À la fin de mon texte de blogue du 27 juin (voir lien en bas de page), je concluais, après lecture des communiqués officiels sur la Journée du multiculturalisme et de la Saint Jean-Baptiste, que «le discours public des dirigeants franco-ontariens trahit leur passé, sabote le présent et laisse l'avenir à l'abandon». Le message ci-haut de l'AFO à l'occasion de la Fête du Canada (le meilleur des trois) vient malheureusement confirmer mes perceptions.

Après un début prometteur visant à souligner 411 ans de présence française en Ontario, l'AFO dit: «Depuis des générations, les francophones participent à la construction, au développement et à l'enrichissement de notre société.» On aurait pu écrire quelque chose comme: depuis plus d'un siècle, les Franco-Ontariens (aujourd'hui on préfére francophones, ça fait plus inclusif...) luttent pour leur droit d'étudier, de travailler et de vivre en français, et ainsi pouvoir, dans leur langue (officielle), participer à la construction, au développement et à l'enrichissement de la société.
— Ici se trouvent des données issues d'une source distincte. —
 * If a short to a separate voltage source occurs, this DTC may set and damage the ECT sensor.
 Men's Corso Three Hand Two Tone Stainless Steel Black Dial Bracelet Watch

La Fête du Canada ne doit pas occulter l'histoire des combats passés et actuels des Franco-Ontariens. Si, comme l'AFO l'écrit avec raison, «le français parlé en Ontario demeure l'un des plus précieux héritage que nous transmettons aux générations futures», elle a aussi le devoir de toujours rappeler à l'ensemble du pays et aux nouveaux arrivants que cet héritage a été acquis de haute lutte. Par des mamans avec des épingles à chapeau, par des collectes de fonds pour la survie des écoles françaises, par des mouvements et grèves d'étudiants pour obtenir une gouvernance franco-ontarienne de leurs institutions. Et bien plus.
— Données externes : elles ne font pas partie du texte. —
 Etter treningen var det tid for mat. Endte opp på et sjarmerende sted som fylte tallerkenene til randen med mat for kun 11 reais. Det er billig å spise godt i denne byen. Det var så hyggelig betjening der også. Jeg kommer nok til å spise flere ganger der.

Le communiqué de l'AFO ajoute: «En le valorisant (le français), en le protégeant et en le faisant rayonner, nous contribuons à bâtir un Canada plus inclusif, plus fort et plus fidèle à sa dualité linguistique.» On ouvre ici, tant soit peu, une fenêtre sur la réalité en évoquant le besoin de valoriser et de protéger le français en Ontario. Et, par la bande, le statut officiel du français au Canada qui lui confère primauté sur les langues non officielles, même quand les ressortissants de ces autres langues dépassent en nombre les francophones. Faudrait insister davantage.

Cette dualité fondamentale est par ailleurs absente du titre du message: «La fête du Canada: l'Ontario français, au coeur de notre identité nationale». NOTRE identité nationale? Ai-je bien compris? Les Franco-Ontariens participent à une identité nationale pan-canadienne? Telle chose n'a jamais existé. La fête nationale des Franco-Canadiens, y compris en Ontario, a toujours été la Saint Jean-Baptiste. Peut-être peut-on concocter une identité canadienne, mais pas une identité nationale. Deux, peut-être, une anglaise, une française (non je n'oublie pas les Autochtones).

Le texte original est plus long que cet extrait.